[Source data]
####

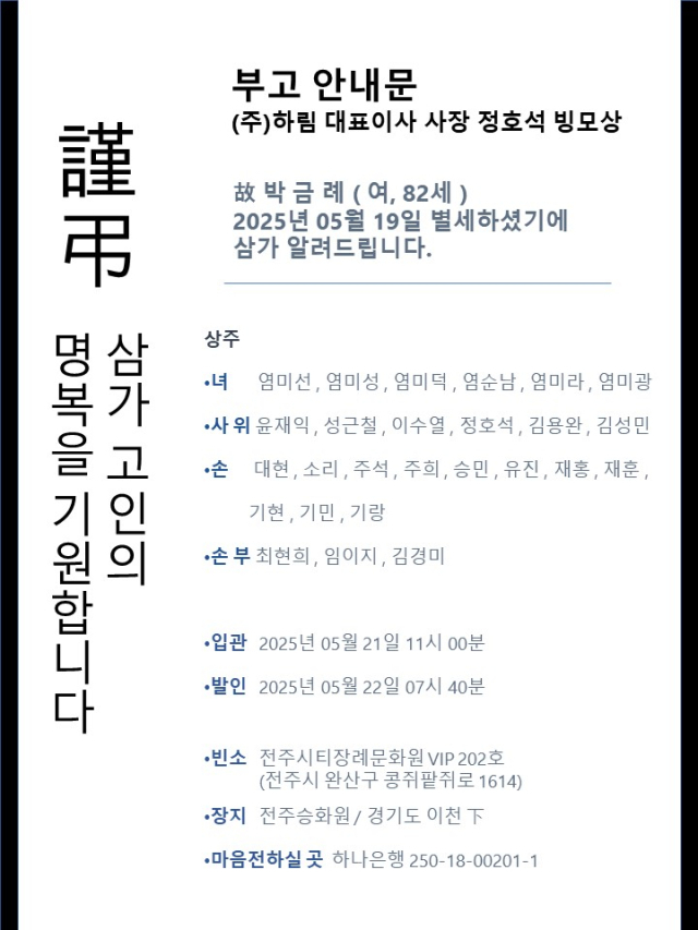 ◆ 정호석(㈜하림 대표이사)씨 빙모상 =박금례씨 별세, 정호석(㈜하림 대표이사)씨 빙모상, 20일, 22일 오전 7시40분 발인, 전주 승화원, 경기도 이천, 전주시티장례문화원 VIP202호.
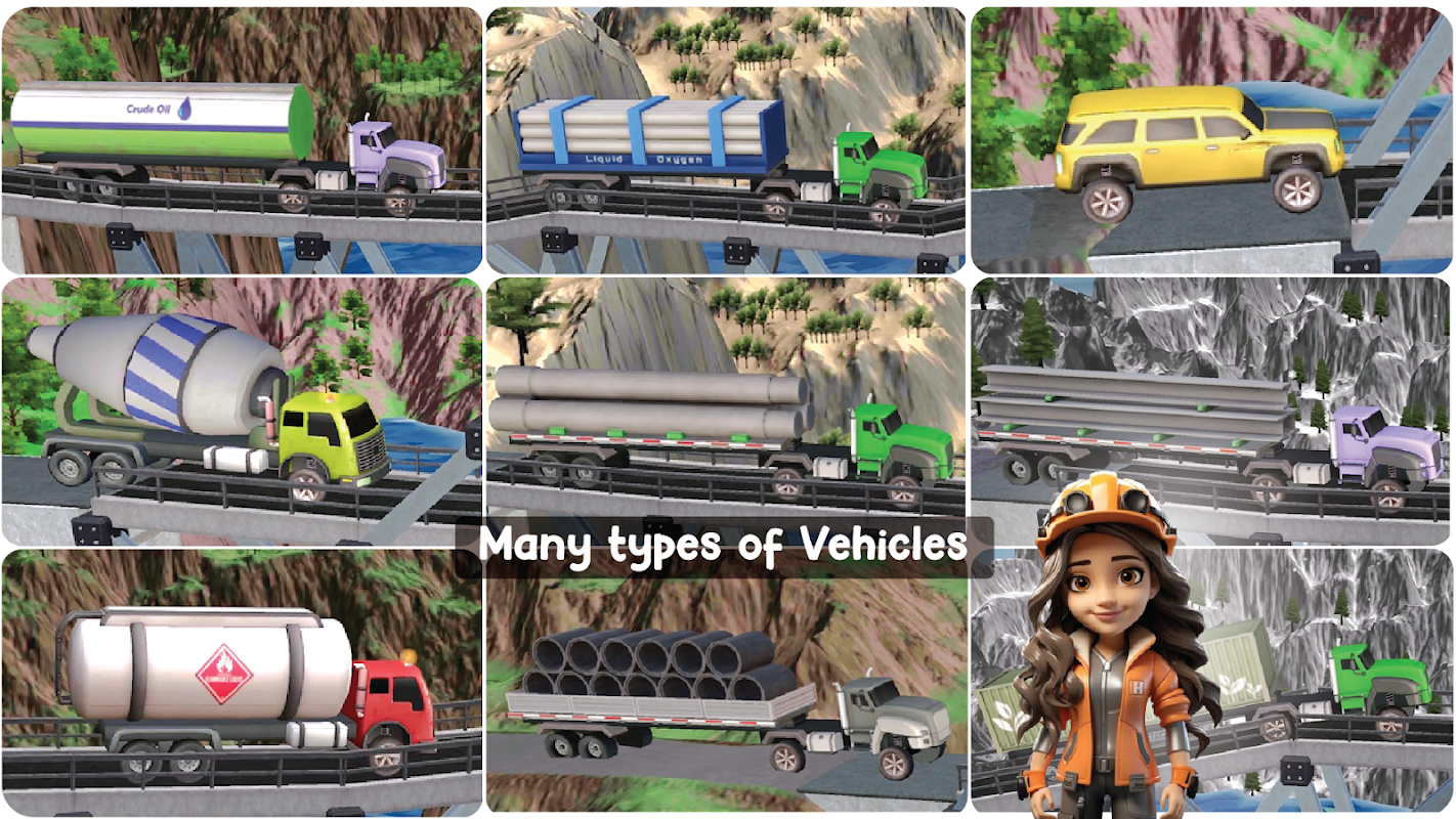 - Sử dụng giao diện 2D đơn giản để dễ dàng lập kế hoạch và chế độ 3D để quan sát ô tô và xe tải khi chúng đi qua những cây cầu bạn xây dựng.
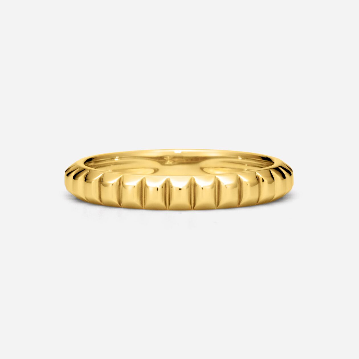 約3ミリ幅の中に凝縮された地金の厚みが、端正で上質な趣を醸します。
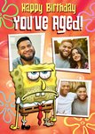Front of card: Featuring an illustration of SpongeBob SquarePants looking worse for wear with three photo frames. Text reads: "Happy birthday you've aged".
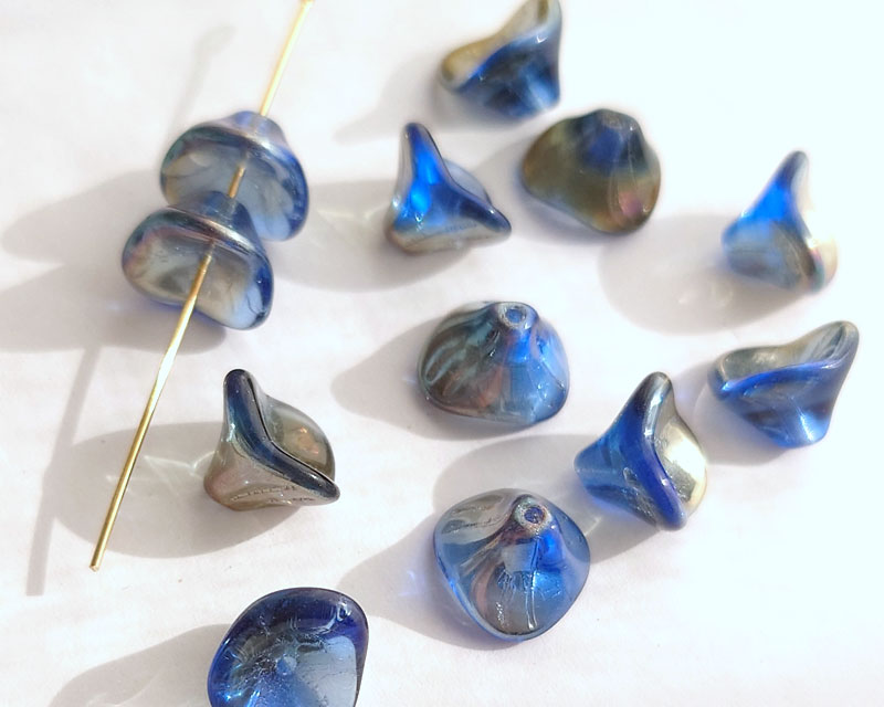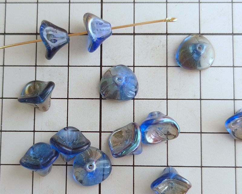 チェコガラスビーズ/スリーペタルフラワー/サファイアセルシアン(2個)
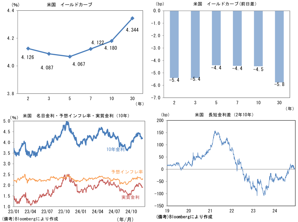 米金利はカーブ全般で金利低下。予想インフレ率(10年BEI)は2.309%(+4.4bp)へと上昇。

####

WORK INSTRUCTIONS:
The reply needs to repeat exactly the line containing "チェコガラスビーズ/スリーペタルフラワー/サファイアセルシアン(2個)" and each line after it, through the final line of the entries above, and to skip the pictures.

FINAL ANSWER:
 チェコガラスビーズ/スリーペタルフラワー/サファイアセルシアン(2個)
 米金利はカーブ全般で金利低下。予想インフレ率(10年BEI)は2.309%(+4.4bp)へと上昇。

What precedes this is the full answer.